And what makes me feel worse.. is that I just sorta... never thought about white people voicing non white characters. Things like this I noticed sure, I realize now part of the reason I didn’t like this movie the first time I saw it was this alex jones version of a looney tune, but I do feel shame for not noticing or caring long before this. Sure I loved it when a character of color got played by a person of color.. but I didn’t realize just how deep that problem was and how LONG it went on for before the outcry post george floyd and the call to action lead to most shows still going course correcting. It’s why stuff like this extra botehrs me: because THIS was just as okay at the time. No one blinked twice about this and odds are the creators involved still haven’t. And that.. that’s just terrible and it hurts to think about and  I still have most of the movie to go.  
The Pyramid of Peril:
So we do get a gorgeous unvewling scene of a box Scrooge found out about from Collie Baba’s horde that should lead them to the treasure. This scene reminds me of Indina Jones.. and I bring this up because the poster was specifically made to mimick an indinia jones poster, to the point of getting drew struzan to do it. THe creator of Ducktales objected..l but I do not get WHY. While I”m not sure if he had yet, Speilberg flat out admits the Carl Barks comics were an inspiration for Indina Jones, with the iconic bolder chase coming from a similar scene in one of Barks Stories. Gotta cover that too. So yeah I don’t get not wanting an indina jones style poster when both were inspiried by the same work and it’s just simple logic and it looks so neat. Thank you. 

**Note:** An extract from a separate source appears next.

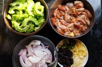 鸡腿去骨,切块,加盐、白糖、生抽,抓匀。苦瓜去蒂,洗净,切片。洋葱洗净,切块。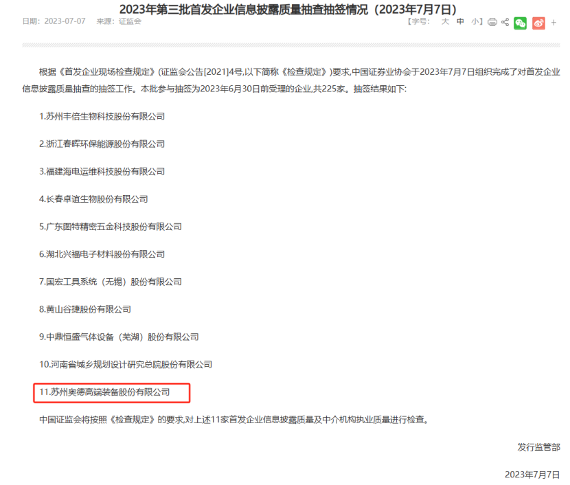 值得一提的是,2023年7月7日,中国证券交易所协会组织抽签抽查首发公司信息披露质量。11家企业被抽中,奥德设备被列入名单。中国证监会对其信息披露质量和中介机构执业质量进行了现场检查。

Scrooge finds seemingly just clothes.. and a map. Jeff Dunham’s Most Racist Puppet reports to his master, Merlock. Merlock is a.. meh villian. Christopher Lloyd does try.. but Lock is your standard evil overlord wants to take over the world type. He dosen’t have much depth, or personality and only his style saves him from dragging the film down along with Dana Carvey’s most racist disguise in master of disguise. He does have a deent shape shifting gimick and being played by Christopher Lloyd means he’s acted TREMENDOUSLY. Alan Young was apparently in awe watching him work and that’s wonderful to hear. The guy did his best. Weirdly Merlock would show up in tons of other works, mostly video games.. but even weirder he NEVER showed up in ducktales 2017. Both Djon and Gene would, Djon thankfully renamed we’ll get to all of that tommorow thank god. I need it after this. But Frank has outright said they didn’t use Merlock because there simply wasn’t anything they could do with him they couldn’t dow ith magica. My likely guess is the might of found a way to revamp him EVENTUALLY, it’s not like radical revamps weren’t there thing come on, they just had way more stories with Magica and didnd’t get around to it before the show was canceled. Just make him some sort of evil god or something. it’s what I might do. There’s a lot of angles with him. Though I would’ve still gotten christopher lloyd back. I mean most of the recasting is good but he’s still alive and deserved a better shot at things. 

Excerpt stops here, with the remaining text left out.